**TASK PROMPT**
Apart from the pictures, return every line of the listing exactly.

[DATASET RECORDS Boundary: Start]

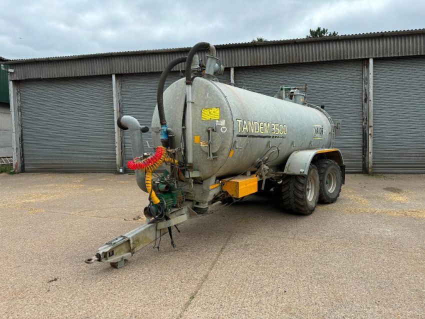 2015 Major Tandem 3500 twin axle 3,500gal vacuum tanker with side turbo fast filler, wide angle PTO, sprung drawbar, air brakes, converted rear door, rear steering axle on 560/60R22.5 wheels and tyres, sold with original door. Serial No: HR13670
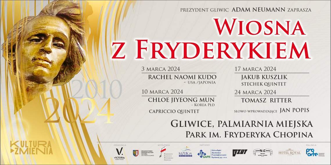 – Klucz doboru co roku jest ten sam – do Gliwic zapraszani są laureaci najbardziej prestiżowych konkursów pianistycznych, w tym Międzynarodowego Konkursu im. Fryderyka Chopina w Warszawie. „Wiosna z Fryderykiem” to już marka uznawana za wartościową także poza granicami miasta. Od 2015 roku cykl prezentowany jest w Sali Lustrzanej Zamku w Pszczynie. Wydarzeniem zainteresował się również Teatr im. Adama Mickiewicza w Cieszynie. – mówi Paweł Ciepliński, dyrektor Centrum Kultury Victoria w Gliwicach.
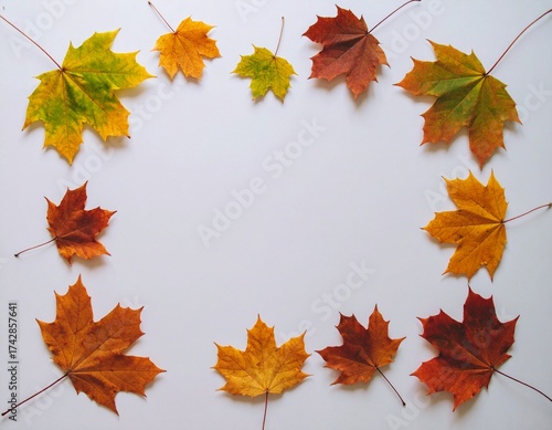 © em113, Fototapeta premium Autumn maple leaves arranged on white background
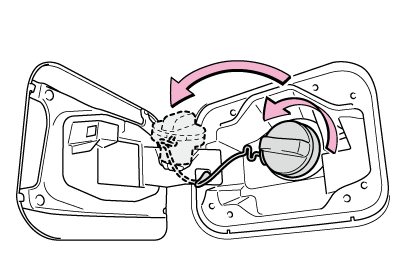 すぐに開けると、気温が高いときなどに、給油口から燃料が噴き出るおそれがあります。
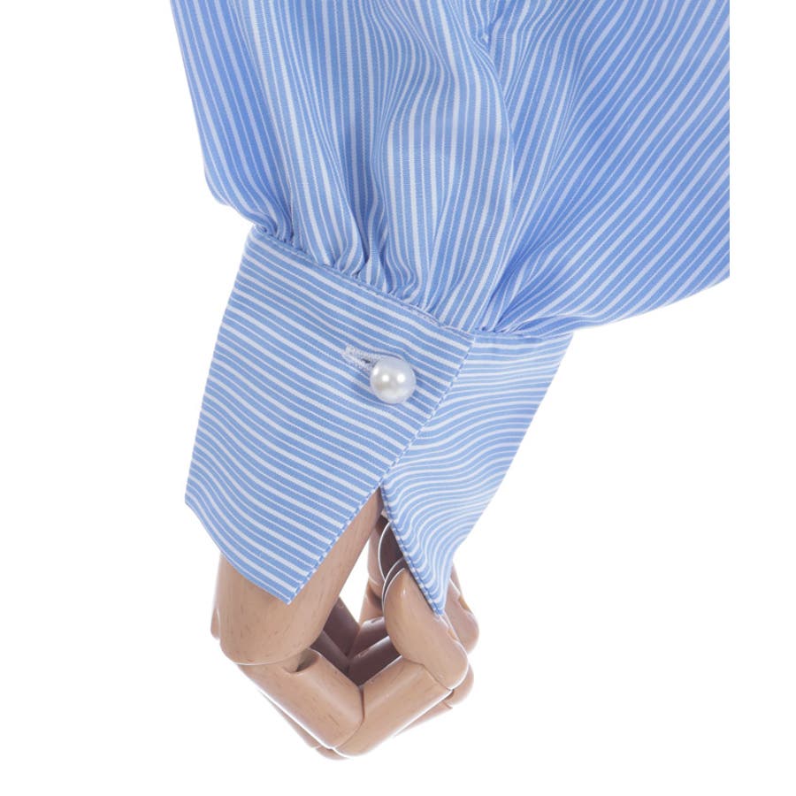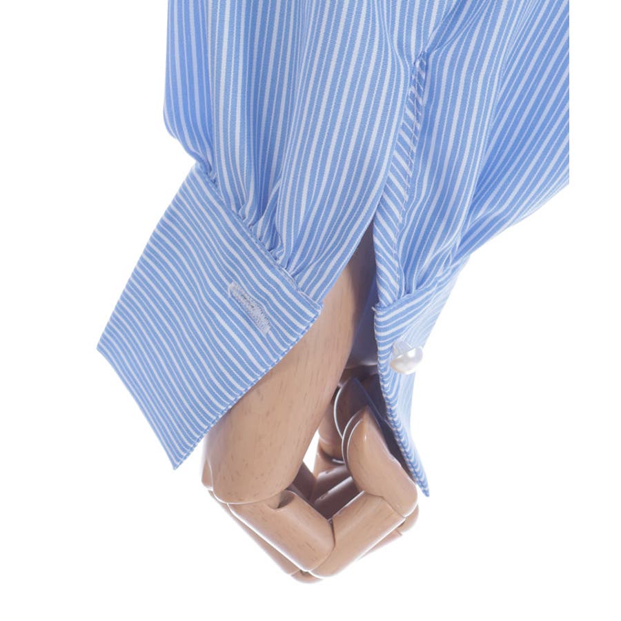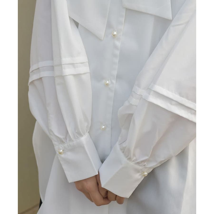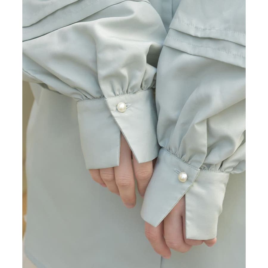 長めのカフスに1つのパールボタンで、バランス感がポイント。

[DATASET RECORDS Boundary: End]

**TASK ANSWER**
 2015 Major Tandem 3500 twin axle 3,500gal vacuum tanker with side turbo fast filler, wide angle PTO, sprung drawbar, air brakes, converted rear door, rear steering axle on 560/60R22.5 wheels and tyres, sold with original door. Serial No: HR13670
 – Klucz doboru co roku jest ten sam – do Gliwic zapraszani są laureaci najbardziej prestiżowych konkursów pianistycznych, w tym Międzynarodowego Konkursu im. Fryderyka Chopina w Warszawie. „Wiosna z Fryderykiem” to już marka uznawana za wartościową także poza granicami miasta. Od 2015 roku cykl prezentowany jest w Sali Lustrzanej Zamku w Pszczynie. Wydarzeniem zainteresował się również Teatr im. Adama Mickiewicza w Cieszynie. – mówi Paweł Ciepliński, dyrektor Centrum Kultury Victoria w Gliwicach.
 © em113, Fototapeta premium Autumn maple leaves arranged on white background
 すぐに開けると、気温が高いときなどに、給油口から燃料が噴き出るおそれがあります。
 長めのカフスに1つのパールボタンで、バランス感がポイント。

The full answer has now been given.